Security alarms continue to go off for healthcare providers
Federal agencies issue more warnings to providers as cyberthreats put data and patient care at higher risk.
Data security warnings aimed at healthcare organizations keep rolling down from federal agencies, highlighting greater risks associated with protecting patient information.
The alerts have increased over the past 12 months, underscoring the increased value of patient information and rising tensions resulting from deteriorating relationships between the U.S. and other countries in the world, especially in light of the ongoing armed conflict with Iran.
Industry organizations are amplifying the message and trying to better prepare healthcare organizations to protect sensitive data and recover from breach incidents.
Alarms go off again
Alerts from federal agencies have been a constant reminder of the threat over the past year. For example, in March, the Cybersecurity and Infrastructure Security Agency, the Federal Bureau of Investigation and other federal agencies issued an advisory, warning that Iranian groups could be seeking to attack critical infrastructure, including the healthcare sector.
Those calls for heightened security followed a successful attack by an Iran-linked hacker group that took credit for a cyberattack on Stryker, a technology company specializing in surgical equipment, orthopedic implants and neurotechnology. The group, known as Handala, took credit for the attack, claiming to have wiped information from more than 200,000 servers, mobile devices and other systems. However, by the end of the month, the company reported it had fully recovered its operations and data.
The growth of Iranian threats is part of a broader pattern of risks to national cybersecurity, other federal agencies note. The Office of the Director of National Intelligence recently released the 2026 Annual Threat Assessment of the U.S. Intelligence Community, in which several agencies collectively assess the current risks.

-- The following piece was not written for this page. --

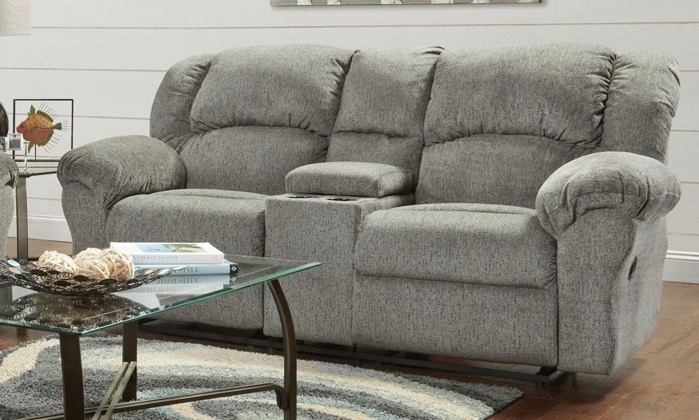 This cozy reclining loveseat offers a great relaxation space for your living area or family room. The gray fabric, plush pillow arms, and cushioned back make for a comfortable place to relax and entertain. The casual style fits well with a number of decorating styles to accommodate your home design. With a casual, contemporary silhouette, this loveseat features stylish, plush pillow arms provide comfort while pad-over chaise provides plush sink into seating. Comfy and classy, you can’t go wrong with this reclining loveseat.

And more recently, the Cybersecurity and Infrastructure Security Agency and other authorities issued an advisory warning about risks posed by Chinese-affiliated cybercriminals. CISA’s guidance suggests that bad actors are targeting connected devices and networks — often an unsuspected and difficult-to-patch weak link in network defenses — resulting in heightened risks for hospitals and health systems.
“The use of covert networks of compromised devices — also known as botnets — to facilitate malicious cyber activity is not new, but China-nexus cyber actors are now using them strategically, and at scale,” the advisory notes. Protecting networks “is not straightforward, and defensive tactics will be different based on the levels of resource and the nature of the target organization.”
Vendors are stepping up efforts to protect systems, industry advisories note. For example, Microsoft announced on May 19 that it disrupted operations of Fox Tempest, a threat actor operating as a malware-signing-as-a-service used by cybercriminals to deploy malicious code, including ransomware. The malware had enabled attacks on a range of sectors, including healthcare, education and other sectors.
Improving protection
Still, the industry needs to protect itself, and healthcare organizations are increasingly working together to promulgate better security practices or, at the minimum, to ensure operations can be sustained during security-related incidents.
Recently, the American Hospital Association and Joint Commission announced the Cyber Resilience Readiness program. The organizations say the initiative is intended to help hospitals and health systems “assess and strengthen their ability to sustain clinical continuity — i.e., safe and quality clinical operations — during cyber-related technology outages for 30 days or longer.”
The idea is to help organizations gear up for worst-case cyber incidents by encouraging “real-world operational readiness and patient safety impacts, rather than solely IT recovery.” The program is voluntary and would assess an organization in a variety of areas, including:
Measure its ability to maintain safe patient care during cyber disruptions.
Facilitate the coordination of clinical, operational and leadership response during downtime.
Prepare staff to work together effectively during a significant cyber incident.
Identify and mitigate risks that might post a threat to clinical continuity.
The AHA and Joint Commission say the program is appropriate for healthcare organizations of all sizes, and it’s flexible and modular, enabling organizations to choose the components that align with their readiness and internal capabilities.
Along the same lines, the AHA has named Rubrik as its preferred cybersecurity provider, in pursuit of the goal of helping hospitals improve protections and recover from attacks more quickly. Rubrik joins several other vendors that the AHA recommends for cybersecurity services.
Fred Bazzoli is the Editor in Chief of Health Data Management.